Yesterday's post went on and on about the guilt I felt, after indulging myself in accepting a gift ...
I have a friend that is not only the most intuitive person I know, but she acts on many of her thoughts. I call her a mind reader but she insists that she is no different than anyone else. She is simply in tune to what she senses and acts accordingly.
Mine is not a hard mind to read. If it's not something that I am blatantly talking about ... just ask me. I'll tell you pretty much anything. But every once in a blue moon, I have thoughts that I keep to myself.
This is a friend that I would go to first. She is the easiest person in the world to talk to.
When I found myself pregnant and quite alone ... when I was ready to talk, I talked to her. She already knew (I think she knew before I did). She walked down that road with me when I was alone. She listened, she called and she kept me sane.
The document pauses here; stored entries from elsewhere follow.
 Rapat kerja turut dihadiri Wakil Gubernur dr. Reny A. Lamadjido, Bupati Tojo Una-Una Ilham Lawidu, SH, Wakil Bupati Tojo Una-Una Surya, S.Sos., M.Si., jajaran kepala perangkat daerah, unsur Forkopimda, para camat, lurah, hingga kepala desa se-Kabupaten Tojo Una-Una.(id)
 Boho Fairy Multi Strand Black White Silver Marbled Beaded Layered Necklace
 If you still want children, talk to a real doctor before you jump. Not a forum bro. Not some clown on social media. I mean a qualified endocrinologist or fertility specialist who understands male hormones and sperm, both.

She was the one that was here for moral support when I struggled with the right-thing-to-do when my oldest son and I were having a lot of trouble.
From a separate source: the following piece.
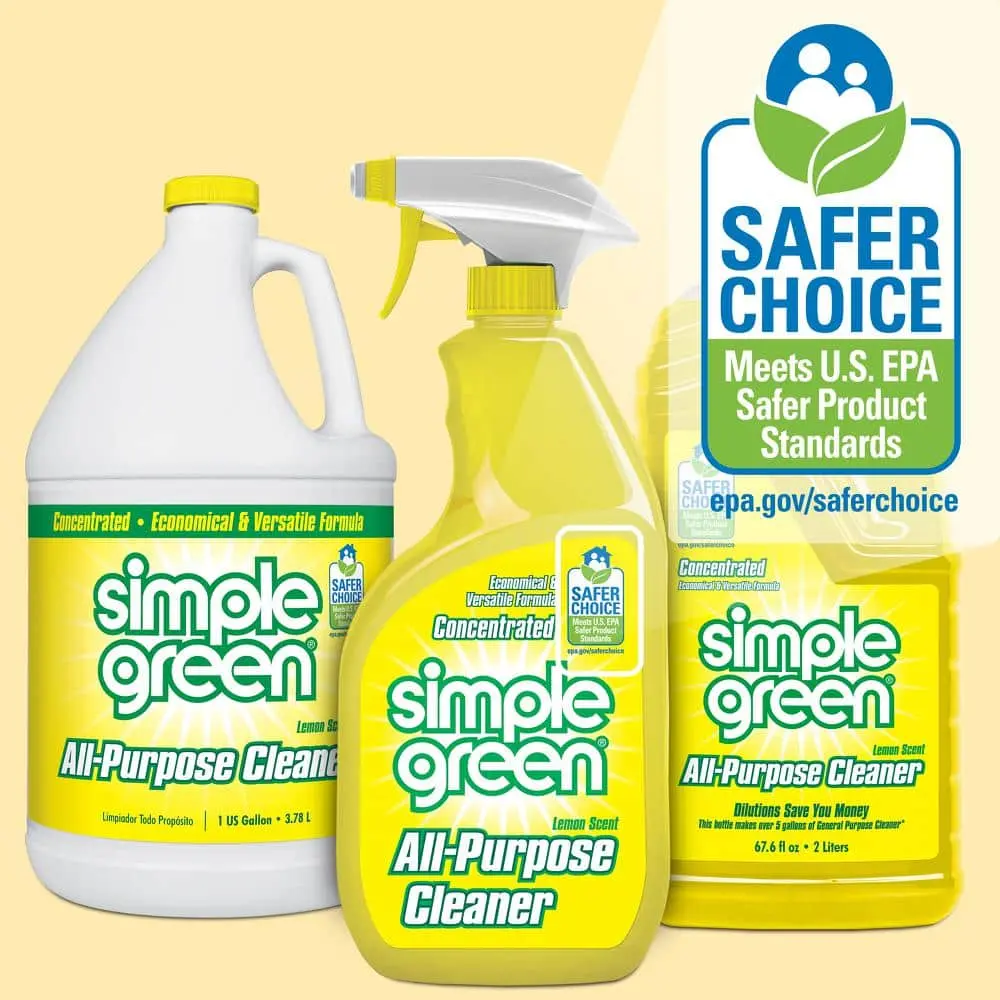Simple Green Lemon All-Purpose Cleaner is an EPA Safer Choice Certified, powerful and biodegradable cleaner and degreaser. It removes tough dirt, grime, grease, food spills, ink, pet stains, and more without harmful chemicals. The concentrated formula offers up to 30x the cleaning value, and can be used full-strength for heavy messes or diluted for daily cleaning. Ideal for use on various surfaces like floors, carpets, countertops, appliances, and furniture, it replaces multiple harsh cleaners, making cleaning both effective and safer. Plus, it deodorizes with a refreshing lemon scent.

She heard me out when my heart was broken.
Our friendship is more than me running to her when I have troubles (in fact, I don't think I've ever run to her ... she has simply been there). We have worked together and share that common ground. Our lives have led us in different directions, but we still connect. She listens a lot but says little about herself. At times I do question if the friendship is a little lop sided. I talk too much ... but yet, when I tentatively ask her a question there is reserve in her answers. So I respect that and I don't push too much.
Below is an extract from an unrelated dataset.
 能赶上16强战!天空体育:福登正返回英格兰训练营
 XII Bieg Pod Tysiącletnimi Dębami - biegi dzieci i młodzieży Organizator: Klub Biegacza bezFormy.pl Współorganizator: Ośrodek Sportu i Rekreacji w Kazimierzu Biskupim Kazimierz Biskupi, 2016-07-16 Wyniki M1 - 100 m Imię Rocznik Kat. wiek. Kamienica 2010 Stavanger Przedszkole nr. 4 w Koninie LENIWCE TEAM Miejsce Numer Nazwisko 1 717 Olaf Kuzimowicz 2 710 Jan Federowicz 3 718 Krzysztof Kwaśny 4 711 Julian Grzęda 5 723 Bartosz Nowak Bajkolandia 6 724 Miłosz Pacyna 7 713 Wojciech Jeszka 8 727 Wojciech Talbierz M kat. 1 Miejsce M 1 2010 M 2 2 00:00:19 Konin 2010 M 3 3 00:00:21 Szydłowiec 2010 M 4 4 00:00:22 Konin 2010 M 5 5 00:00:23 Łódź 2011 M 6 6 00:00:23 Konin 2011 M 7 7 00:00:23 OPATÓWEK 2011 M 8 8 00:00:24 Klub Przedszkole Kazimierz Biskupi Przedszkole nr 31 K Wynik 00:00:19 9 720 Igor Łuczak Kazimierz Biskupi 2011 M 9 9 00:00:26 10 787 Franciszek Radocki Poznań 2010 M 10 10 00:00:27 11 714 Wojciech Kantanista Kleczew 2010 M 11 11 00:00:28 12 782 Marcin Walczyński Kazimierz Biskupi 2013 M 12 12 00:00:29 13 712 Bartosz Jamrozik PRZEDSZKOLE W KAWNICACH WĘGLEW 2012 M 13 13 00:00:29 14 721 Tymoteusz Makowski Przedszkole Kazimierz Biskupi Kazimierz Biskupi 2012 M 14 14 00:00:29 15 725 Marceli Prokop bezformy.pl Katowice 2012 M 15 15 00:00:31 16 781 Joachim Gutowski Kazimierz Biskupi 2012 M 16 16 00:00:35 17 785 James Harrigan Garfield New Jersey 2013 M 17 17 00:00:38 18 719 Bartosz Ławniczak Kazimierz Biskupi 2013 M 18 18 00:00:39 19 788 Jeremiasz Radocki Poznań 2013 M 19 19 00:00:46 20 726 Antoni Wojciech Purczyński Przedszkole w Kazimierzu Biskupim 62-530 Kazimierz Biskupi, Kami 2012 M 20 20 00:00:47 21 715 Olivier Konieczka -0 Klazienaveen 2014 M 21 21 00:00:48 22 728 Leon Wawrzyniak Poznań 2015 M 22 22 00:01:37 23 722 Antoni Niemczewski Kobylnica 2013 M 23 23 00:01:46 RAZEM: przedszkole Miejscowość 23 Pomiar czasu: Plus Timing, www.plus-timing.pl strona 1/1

That's the history ... now on with Sunday's gift:
My friend's phone call to invite me to come along to see 'A Chorus Line' with her, came out of the blue. She issued the invitation, instructed me to take 5 minutes to think about it and call back. Show time was in 2 hours.
I did wonder how she ended up with a spare ticket to see this show, but this particular friend is very lucky in some ways and she does often have these opportunities fall into her lap. My guess was, that she had won the tickets and the person she expected to go with couldn't make it at the last moment.
I was wrong.
Still reluctant to give me details, she eventually confessed that she knew this was the only way I would agree to go. If she had called and given me time to think about it, she knew that I would talk myself out of it (she is right).
Which brought me to the next question ... how in the world did she know that I wanted to go to this show?? She smiled and I believe she thought about keeping me guessing. But she had been in the dance studio and had been talking to the instructor that is teaching us the group formation dance. It came up in their conversation, that we were working with music from 'A Chorus Line' ... and she took it from there.
This was a gift that far exceeded the actual tickets (which was rather amazing unto itself). It is the gift of a friend who knows me so well, that she knew (without me saying a word) exactly what I wanted. She also knew (better than I did), the way in which I would follow my basic instincts and not allow guilt to talk me out of accepting it.
This friend is the true gift. How do you thank someone when the words ''Thank you" don't even come close to covering it?